Are women trapped in the beauty culture dictated by masculine desire? Gender as a construction can always be, as Judith Butler suggested, destabilised, and redefined (Gender Trouble. Feminism and the Subversion of Identity. 1990). Known a decade ago as a defender of the legitimacy of heterosexual relations against separatist feminism, Segal describes how she found, after her relationship with a younger man ended in her fifties, “Unexpected erotic pleasure in a relationship with a woman.”(Page 117)

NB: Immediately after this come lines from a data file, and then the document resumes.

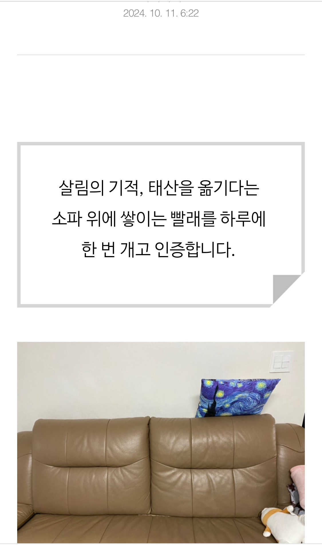 아침에 일어나자마자 세탁기를 돌리는 것처럼 습관이 되기를 기대해 봅니다. 집에 오면 제일 처음 하는 자연스러운 일과가 되면 태산을 옮기는 기적이 이루어지는 겁니다. 기적 이루기 참 쉽습니다. 작지만 큰 기적을 내 손으로 만들어낸다니 벌써부터 뿌듯합니다.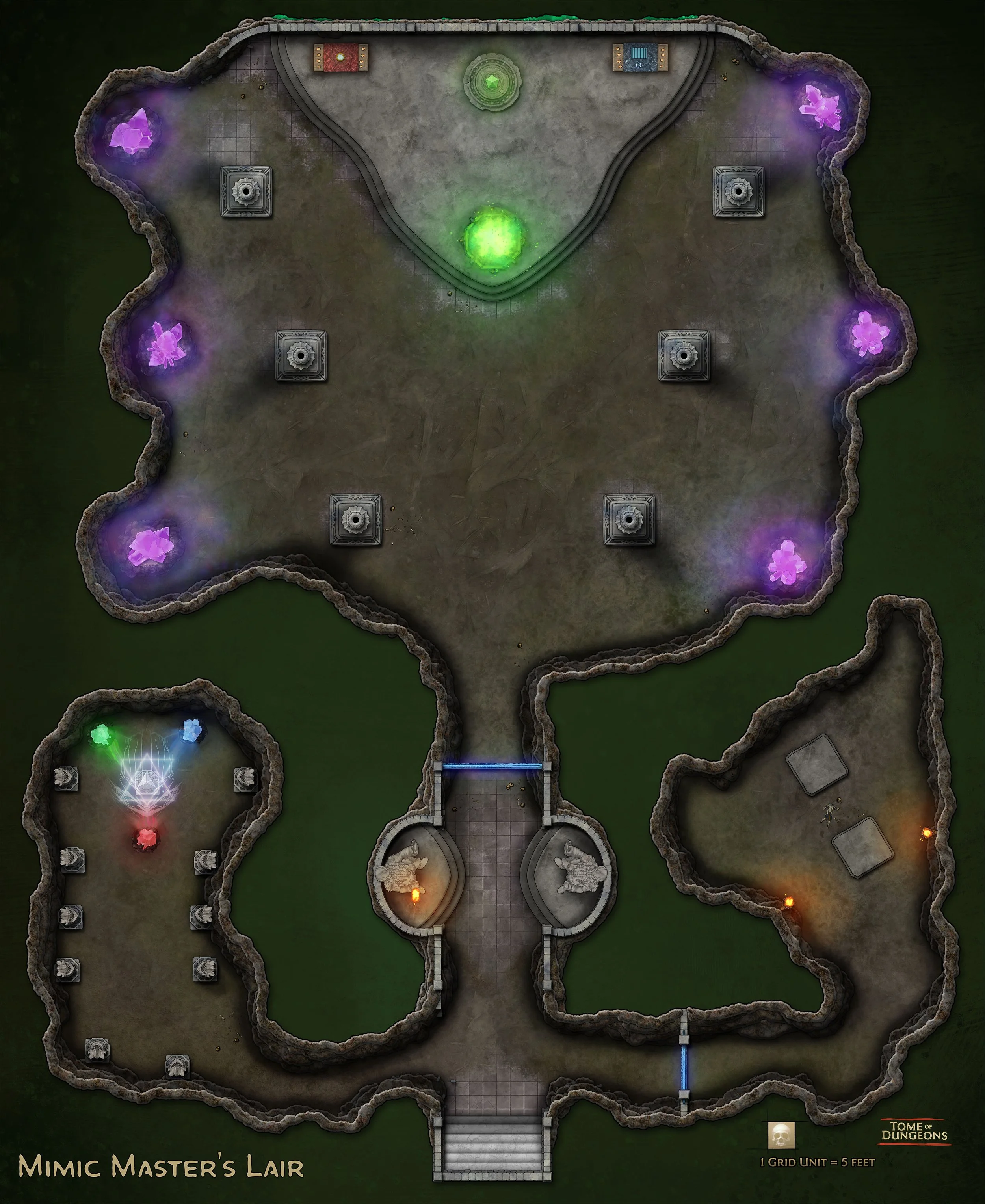 Greetings, Human! You've just stumbled upon the secret vault of the Tome of Dungeons gallery, a mysterious labyrinth brimming with meticulously crafted D&D 5e dungeon maps. Here at MeditatingMunky.com, we've conjured up a fantastical array of environments, from the sneaky waterfall bandit camp of Deathmist Vault to the time-bending steampunk vibes of the Vault of Duality.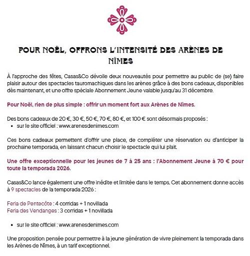 Pour Noël, deux propositions de cadeaux des Arènes de Nîmes…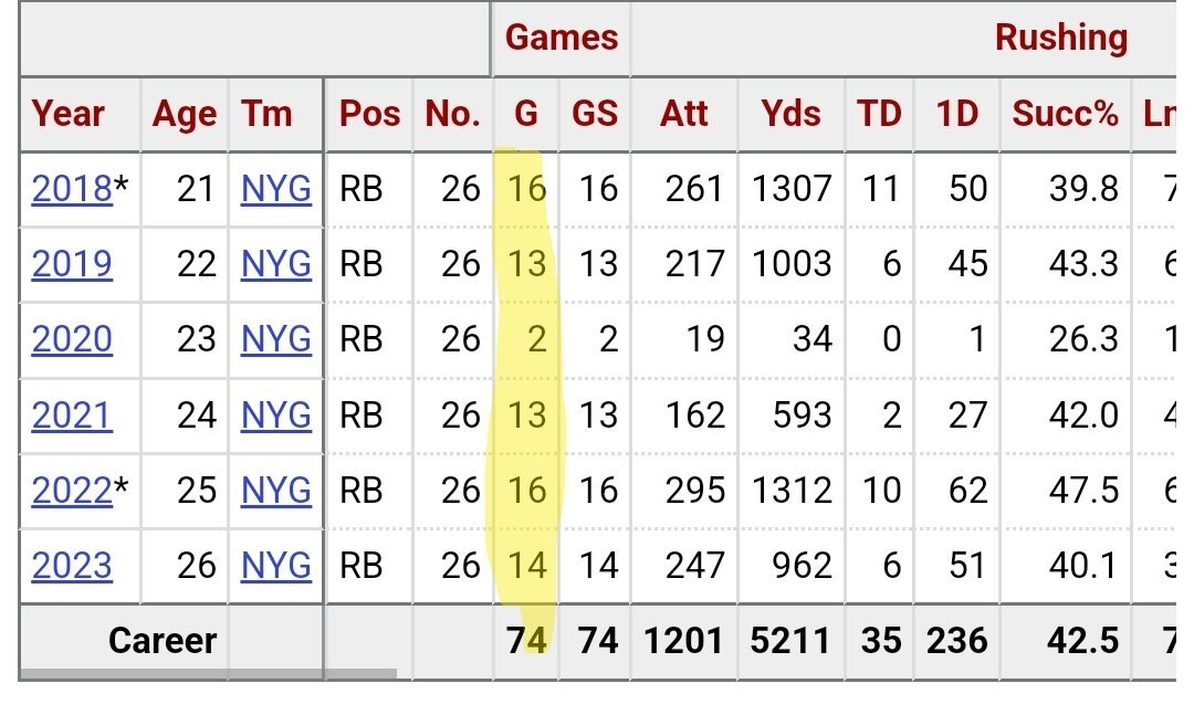 June 27, 20241 yr 1 hour ago, eephraim said: And that will last 3 weeks until he gets hurt for 10 weeks. Outside of 1 season, he's never missed more than 3 games a season.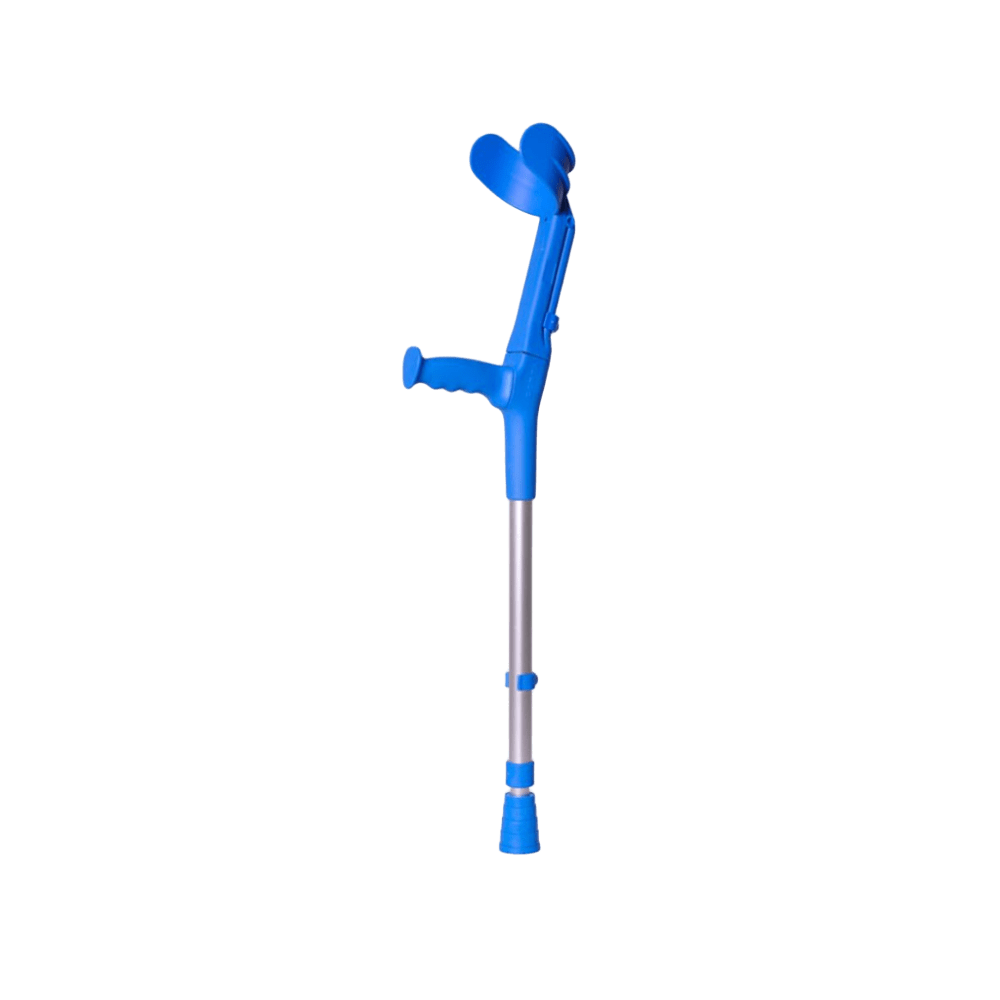 Muleta Infantil Azul Regulable Muleta infantil fabricada en aluminio y termoplástico, con ajuste de altura y codo en múltiples posiciones. Diseño ergonómico para mayor comodidad y seguridad.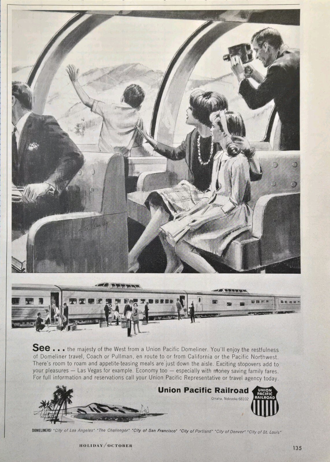Union Pacific Railroad Domeliners Family Travels Dad Films Vintage Print Ad 1965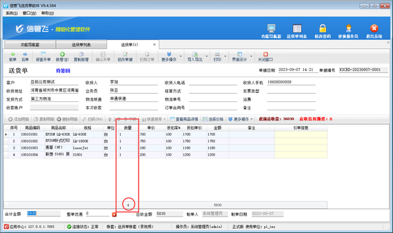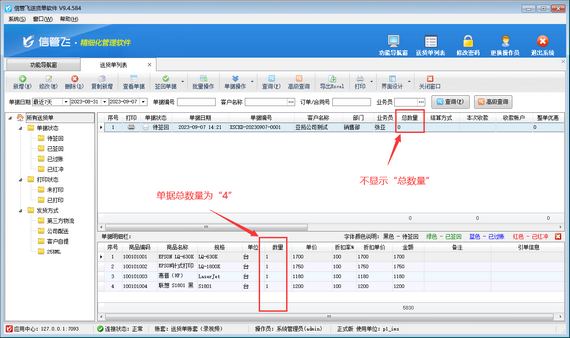 最近有用戶在使用送貨單軟件時,反饋存在以下問題,在填開送貨單時,有錄入商品數(shù)量,但是在送貨單列表不顯示送貨單“總數(shù)量”數(shù)據(jù),如下圖所示。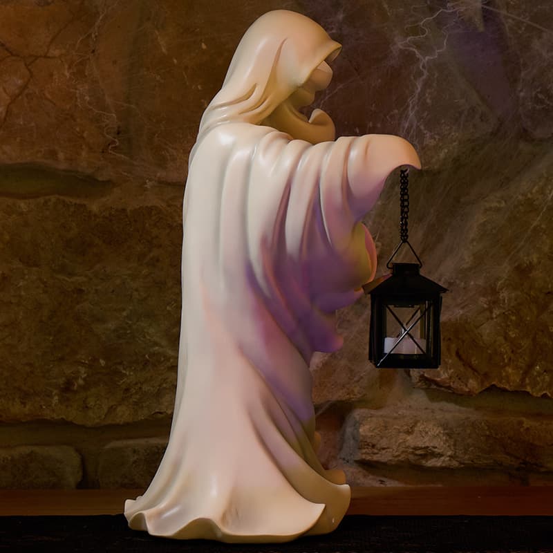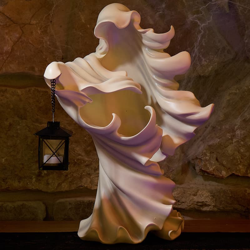 This spooky spirit is ready to haunt your home with a mysterious presence, a little light adds a small glow inside the lantern guiding the ghost.

Perhaps it is no coincidence that Segal cites Peter Osborne to develop a variegated perspective on time which helps her to come to terms with this feature of her life. Personal identity is something that endures in ageing, but its relationship to the past, the present and the future is not to be fixed by the chronology of clocks. The past remains there in the eternal present. There are always yearnings for roads not taken. In the now there are moments throughout our lives that draw us to the future. In discussing psychoanalysis (Freud and Lacan) and psychology she observes that the unconscious itself is “timeless”. One could equally say that grace and charm (and their contraries) are things that may endure  over a life-time. 

Ageing in Literature.

Segal refers to the paintings of Lucien Freud and David Hockney to portray the sight of ageing. But perhaps it’s when she harvests literature, such the works of Philip Roth and John Updike, that she makes the most incisive impression. This is literary direction is a fruitful avenue, whether or not it directly speaks for personal experience. Roth’s I Married a Communist (1998-  (which she does not cite)  features one character in its wider plot,  whose commitment, worn over the years gradually boils down, as he gets old, to a simple sense of being a “good person”.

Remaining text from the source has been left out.